Chorar a morte de minha mãe foi
reencontrar minha humanidade. Fazer voltar ao âmago meu eu perdido. Esquecido
entre os escombros da primeira infância triste, reprimida e de violência
paterna, que depois virou abandono paterno e obrigou a todos nós – meus irmãos,
nossa mãe e eu – lutar com unhas e dentes contra um mundo que não nos deu
moleza. Uma vida que nos testou muito além dos limites.
Mas vencemos.

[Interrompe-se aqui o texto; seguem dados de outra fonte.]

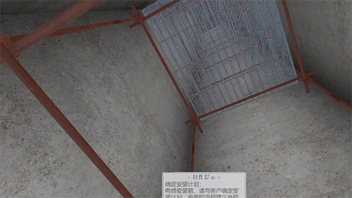 系統可以根據頭顯的定位和角度變換來(lái)進(jìn)行全場(chǎng)景的展示,在場(chǎng)景中可以體驗真實(shí)的施工環(huán)境和相對應的施工過(guò)程,增加沉浸感和體驗度。
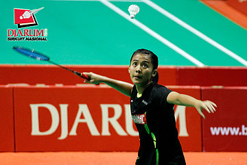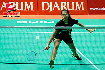 Akbar Gusti/Felicia Parmenas (PB Djarum) menyambar pengembalian tanggung dari Anbiya/Yulfira barkah (Mutiara Bandung).
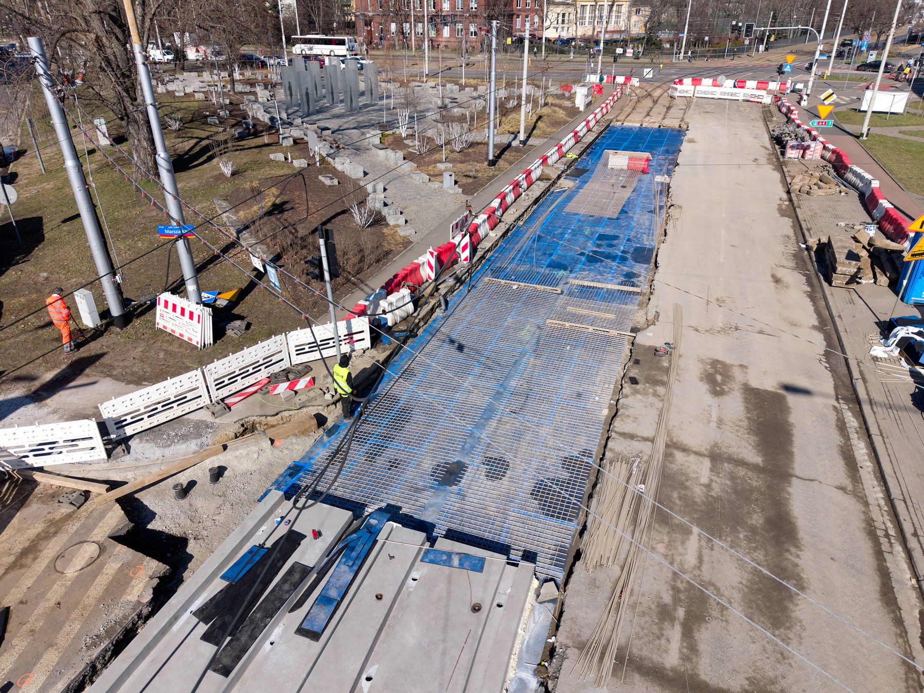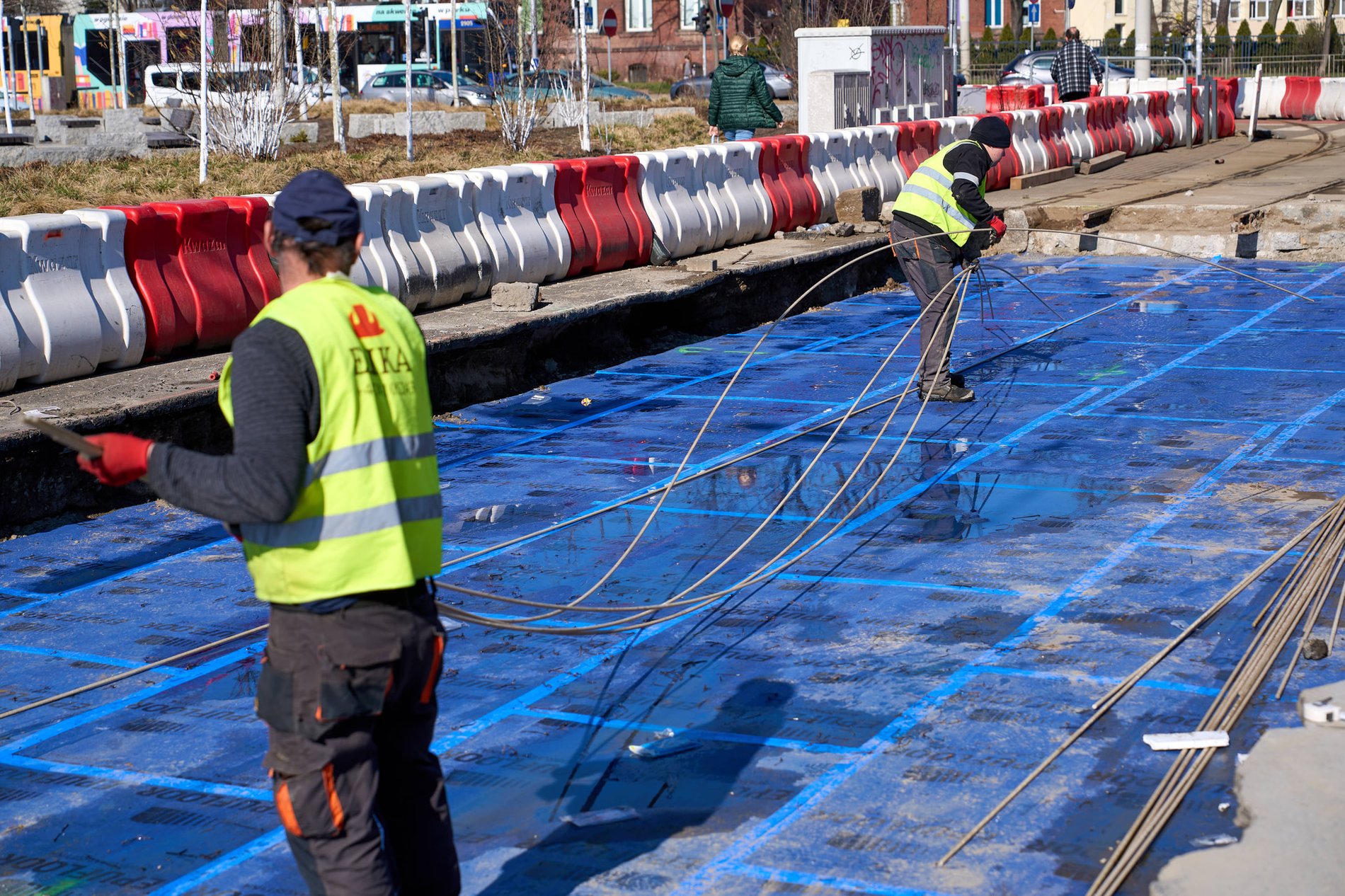 Zanim MPK przystąpiło do układania płyt, z sytuacji skorzystało MPWiK i przeprowadziło prace podziemne wymieniając ponad 120-letnią żeliwną rurę biegnącą pod torami i zastępując ją nowoczesnym wodociągiem.

Foram muitos anos,
e muita gente pensou que não sobreviveríamos, mas vencemos.
E a minha mãe – nossa mãe Maria de
nove santos demônios revoltados por todos aqueles anos de muitas privações e
quase nenhuma esperança – nunca esmoreceu. Nós os filhos, muitas vezes
esmorecemos; porém ela juntou filhos, mundo e vida, carregou a todos nas
costas, no colo e no coração, sempre que os nossos passos cederam ao peso de
uma realidade que fechava todos os horizontes.
Depois que minha mãe morreu virei
manteiga derretida. Não por coisas grandiosas nem emoções criadas para fazer
chorar, mas por sutilezas. Delicadezas entranhadas nas brutalidades do mundo e
percebidas por mim, que aprendi a percebê-las. Vira e mexe um acontecimento
sutil, de significado ou ressignificado discreto me arranca lágrimas também
discretas, e às vezes, até nem tão discretas.
Mesmo na hora da morte, minha mãe
fez algo tamanho por mim. Ela me curou de não chorar. Devolveu minha percepção
emocional. Fez-me rever a vida pelo prisma da simplicidade, o valor do afeto, a
beleza em nuances e o quanto precisamos uns dos outros, quer sejamos família,
familiares, amigos, colegas, vizinhos e até conhecidos de nos cruzarmos nas
ruas em direção à padaria.
Só tive, pela vida inteira,
motivos para ser grato à nossa mãe. E à vida, com todas as pedras no caminho,
por todos nós, os nove, sermos cheios de graça, porque somos filhos de Maria...
de Maria do Mundo.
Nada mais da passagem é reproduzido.